British India does not walk very often, but distressed by the anguished face in his imagination of Joan Carmichael, Joe resolved to walk the length of Chowringhee to Carmichael ’s office. As he made his way past the once opulent villas of bygone nabobs – many of which ranked as palaces rather than villas – he noted that the further he walked from the centre, the more multiplex the subdivision of these great houses became.
Initially, brass plates discreetly announced the presence of banks, insurance companies, the Calcutta office of internationally known trading houses, engineers, architects and solicitors.
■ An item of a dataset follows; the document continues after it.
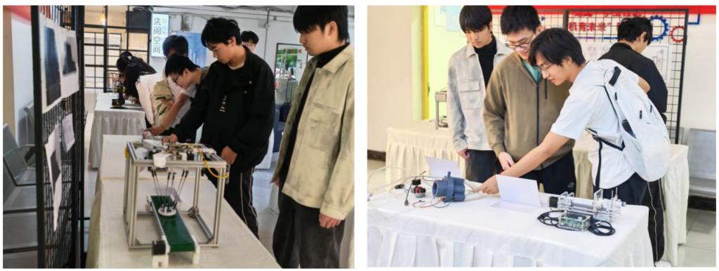 展览期间,“机育未来”驿站人潮涌动,吸引了众多学生驻足参观。不少低年级同学表示,通过近距离观摩学长学姐的作品,不仅拓宽了专业视野,更激发了投身科技创新的浓厚兴趣。“看到这些由同龄人亲手打造的作品,我深刻感受到了‘匠心’的力量,也更加明确了自己未来努力的方向。”一位大三学子在参观后感慨道。

But soon the brass plates got smaller as the number increased. Brass plates gave way to cards. The number of bell pushes multiplied. Names appeared on upper windows, front doors stood open. Kites circled the damp air and crows pecked crumbling cornices. Numbers grew into the hundreds.
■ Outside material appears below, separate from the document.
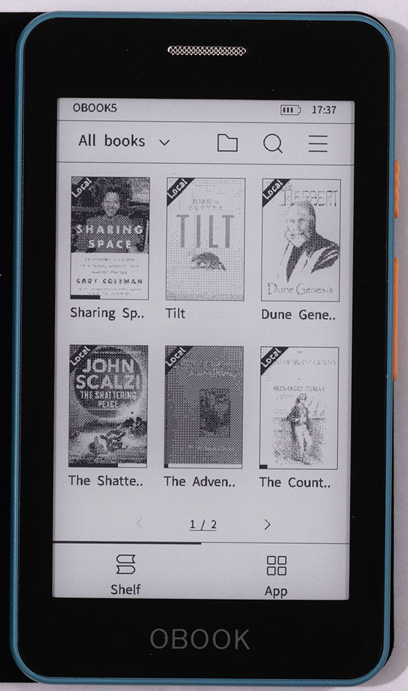 The OBook is a very complete, polished device. It can read all of the major ebook formats including Epub, mobi, and AZW3 as well as txt, RTF, HTML and Microsoft Word documents. Book files can be transferred over USB using the built-in Transfer app. When launched, the Transfer app mounts the OBook on the Mac’s desktop, allowing for drag-and-drop book installation (I haven’t tried it with Windows). Note that, every time I’ve done this, the Mac has shown a completed progress bar and then declared the copy a failure. If I ignore these warnings and follow up the copy operation with the OBook’s Import Book command, the book ends up in the device’s library with no problem.

After about twenty minutes’ walk, keeping to the shade of the arcades whenever he could avoid being forced out into the road by the crowds, he found himself outside number 210. Number 210 had no fewer than twenty names at the door, some of these boasting new name plates, most boasting cards and amongst these – after quite a search – he identified Carmichael, Popatlal and Mandavia, Importers of Fine Wines, Beers, Spirits etc. There was an electric bell push which, without much hope, he duly pressed. An Indian emerged from the darkness within and spoke to him at length. Joe shrugged his shoulders and smiled, pointed to Carmichael ’s card and looked a question which only elicited a further flood of Hindustani but eventually a hand pointing helpfully up the dark staircase.
As he progressed, heads appeared in various doorways and eyed him with curiosity. A Metropolitan policeman in uniform was not often seen at this end of the Chowringhee.
He came at last to an open door through which he saw a white-clad figure seated at a desk and writing without much urgency on a pad in front of him. He was balding, he had a grey moustache which might once have been the standard moustache as issued to, or at any rate worn by, British cavalry officers. His collar, which had once been stiff, lay on the desk beside him and his shirt was open at the neck. A large copper ashtray was full of the butts of many cheroots. There were two empty whisky bottles in the waste paper basket and another about half full at his elbow. An Army and Navy Stores ‘Colonial’ refrigerator in a mahogany case stood against the wall but the door was open and the contents were gone.
The walls were lined with photographs, mostly, Joe noticed, of the Bengal Greys, but these were spotted and damp-stained and thunder flies had made their way in and perished behind the glass. There was not much about the figure before him to recall the dapper cavalry major.